A metal salen complex is a coordination compound between a metal cation and a ligand derived from N,N′-bis(salicylidene)ethylenediamine, commonly called salen. The classical example is salcomine, the complex with divalent cobalt , usually denoted as Co(salen). These complexes are widely investigated as catalysts and enzyme mimics.

The metal-free salen compound (H2salen or salenH2) has two phenolic hydroxyl groups. The salen ligand is usually its conjugate base (salen2−), resulting from the loss of protons from those hydroxyl groups. The metal atom usually makes four coordination bonds to the oxygen and nitrogen atoms.

Preparation of complexes
The salen anion forms complexes with most transition metals. These complexes are usually prepared by the reaction of H2salen ("proligand") with metal precursors containing built-in bases, such as alkoxides, metal amides, or metal acetate. The proligand may also be treated with a metal halide, with or without an added base. Lastly, the proligand may be deprotonated by a nonnucleophilic base, such as sodium hydride, before treatment with the metal halide. For example, Jacobsen's catalyst is prepared from the salen ligand precursor with manganese acetate.

Structures
Salen complexes with d8 metal ions, such as Ni(salen), typically have a low-spin square planar molecular geometry in the coordination sphere.

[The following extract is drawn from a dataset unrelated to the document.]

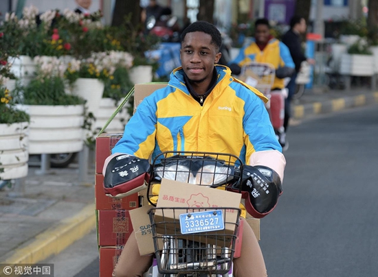 新春佳节,一批“洋面孔”悄然出现在上海的快递队伍里。当中国本土的快递小哥陆续踏上返乡归途时,这批“洋快递”将接过送货的“接力棒”,为上海市民提供服务。视觉中国供图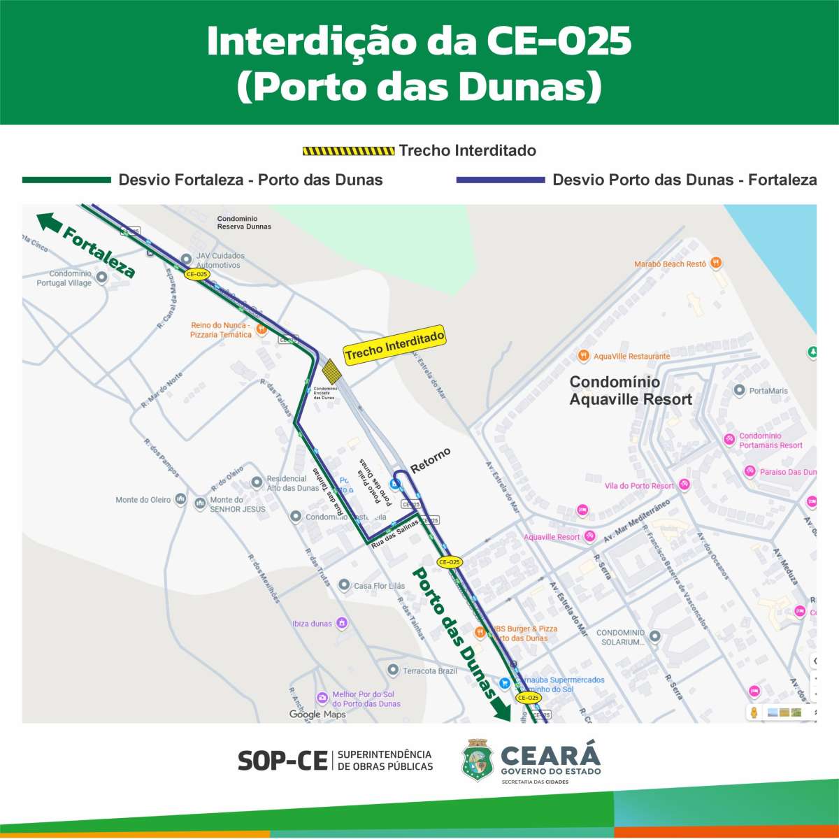 Com o bloqueio e isolamento do trecho, visando a segurança dos usuários, os condutores devem utilizar as CE-010 e CE-040 como rotas alternativas. Quatro viaturas e um guincho do Batalhão de Polícia de Trânsito Urbano e Rodoviário Estadual (BPRE) atuam no controle do tráfego. Agentes do BPRE orientam o desvio da Avenida Litorânea (CE-025), nas proximidades do Alphaville. Eles também estão posicionados na Avenida Caminho do Sol (CE-025), na rotatória do Beach Park, orientando motoristas e garantindo a fluidez do trânsito. Técnicos da SOP, BPRE e Demutran de Aquiraz também definiram uma rota alternativa, por vias municipais, conforme mapa abaixo.

Other metal–salen complexes may have additional ligands above the salen nitrogen–oxygen plane. Complexes with one extra ligand, such as VO(salen), may have a square pyramidal molecular geometry. Complexes with two extra ligands, such as Co(salen)Cl(py), may have octahedral geometry. Usually the MN2O2 core is relatively planar, even though the ethylene backbone is skewed and the overall salen ligand takes a twisted C2 symmetry. Examples exist where ancillary ligands force the N2O2 donors out of planarity. No evidence indicates that salen is a redox-noninnocent ligand.

Reactions

Enzyme mimics
Tsumaki described the first metal–salen complexes in 1938. He found that the cobalt(II) complex Co(salen) reversibly binds O2, which led to intensive research on cobalt complexes of salen and related ligands for their capacity for oxygen storage and transport, looking for potential synthetic oxygen carriers. Cobalt salen complexes also replicate certain aspects of vitamin B12.

Homogeneous catalysis
The manganese-containing salen complex catalyzes  the asymmetric epoxidation of alkenes. In the hydrolytic kinetic resolution technique, a racemic mixture of epoxides may be separated by selectively hydrolyzing one enantiomer, catalyzed by the analogous cobalt(III) complex. In subsequent work, chromium(III) and cobalt(III) salen complexes catalyze the reaction of carbon dioxide and epoxides to give polycarbonates.

Related complexes

Substituted salen complexes

Unsubstituted salen complexes are poorly soluble in organic solvents. Side chains attached to the ethylene bridge or the benzene rings may increase the solubility. An example is the salpn ligand, derived from 1,2-diaminopropane instead of ethylenediamine, which is used as a metal deactivating additive in motor oils and motor fuel.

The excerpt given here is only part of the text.